American business executive; CEO of Visa Inc.

Ryan McInerney (born 1975) is an American business executive. Since 2023, he has been the Chief Executive Officer of Visa, Inc. He was elected to serve on the University of Notre Dame's Board of Trustees on May 31, 2024; his tenure began on July 1, 2024.

==Early life and education==
McInerney was born and raised in Michigan in the United States. He obtained a Bachelor of Science in finance from the University of Notre Dame in 1997.

==Career==
Ryan worked as a principal consultant at McKinsey & Company. He then joined JPMorganChase, where he helped launch the company's first mobile banking product. Eventually, he led JPMorganChase's entire consumer banking division, which put McInerney in charge of over 75,000 employees.

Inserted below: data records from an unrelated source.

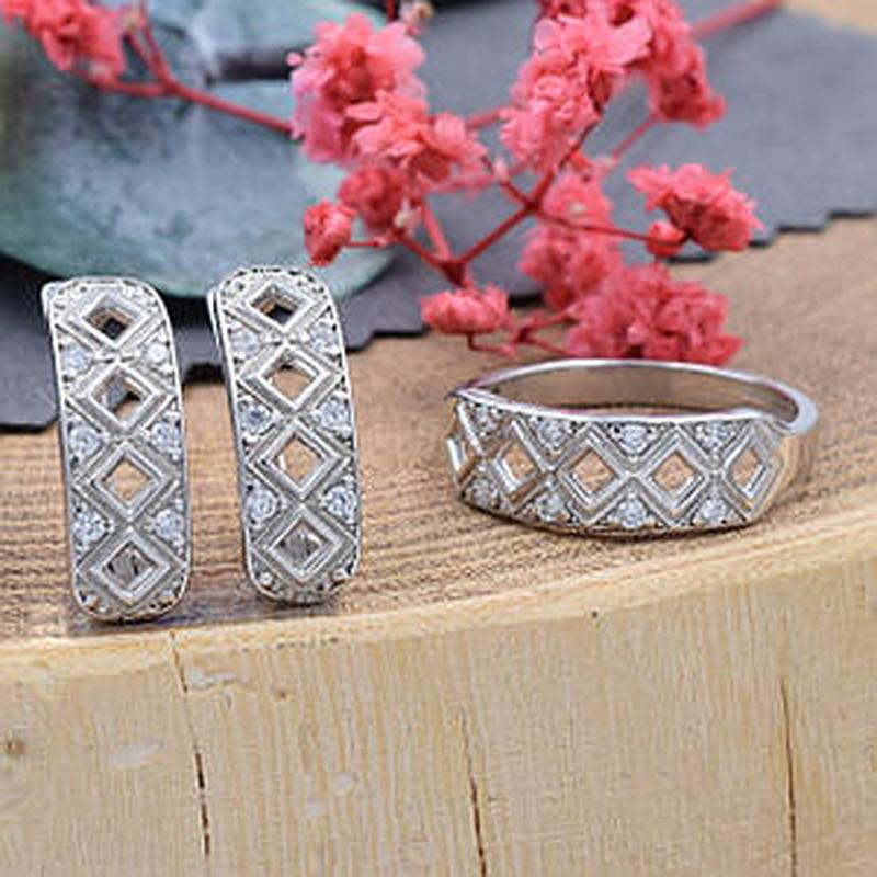 Серебряный набор Каблучка размер 17,18,19 серьги 20х7 мм вставка белые фианиты.
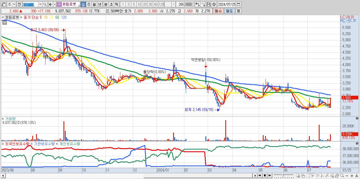 - 휴림로봇 (2,660원 ▲ 17.18% , 시총: 1,883억, 거래량: 9,037,562, 거래대금:226억)
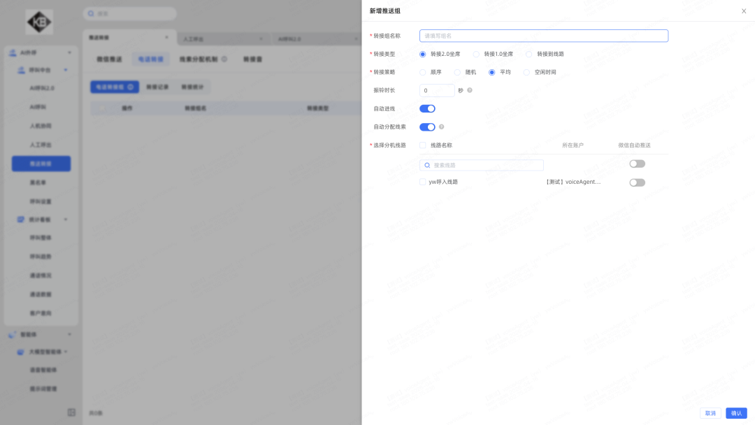4.坐席名称修改后同步显示:人工坐席修改名称后,转接组内也会同步更新,方便勾选时准确区分人员
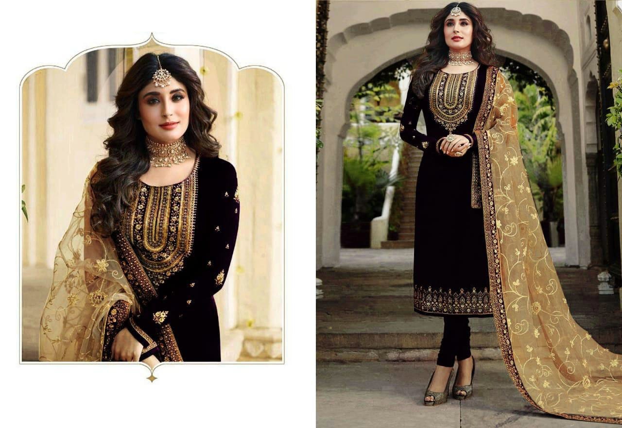 A straight-cut kameez with churidar pants and a heavily embroidered dupatta, offering a graceful and royal silhouette.

In 2013, McInerney was hired by Visa, where he served as Visa's global business president. McInerney, implied at his support for crypto to be a part of future payment systems in a Forbes article in November 2022. McInerney stated, "In an increasingly digital world, we want Visa to be the best way to pay and be paid for everyone everywhere." On 1 February 2023, McInerney became CEO succeeding Alfred Kelly, who had been CEO of Visa since 2016.

In February 2025, McInerney spoke at his first Visa's investor day. While speaking on Visa's financial services deal with X Corp., McInerney said in an interview. "We're not in the business of picking winners or losers," and that consumer will decide. He also said. "We set a very high bar for our partners." After Visa's investors day, McInerney appeared on CNBC's Squawk on the Street, and talked about Visa's growth and health of the consumer from the expected announcement of the Trump tariffs.

== Political activity ==
In October 2024, in a report by the Financial Times, Ryan McInerney was hosted at the Vice President Kamala Harris residence in Washington, D.C., as part of a gathering of corporate CEOs. The meeting was notable given the same week, the Biden-Harris Justice Department sued Visa for breaking antitrust laws.

As of 2026, McInerney is the chair of the US-China Business Council. In September 2026, he led a delegation of the council to visit China, where he met with Chinese Premier Li Qiang.

== Personal life ==
Ryan McInerney is married to Angela McInerney and they have three children together.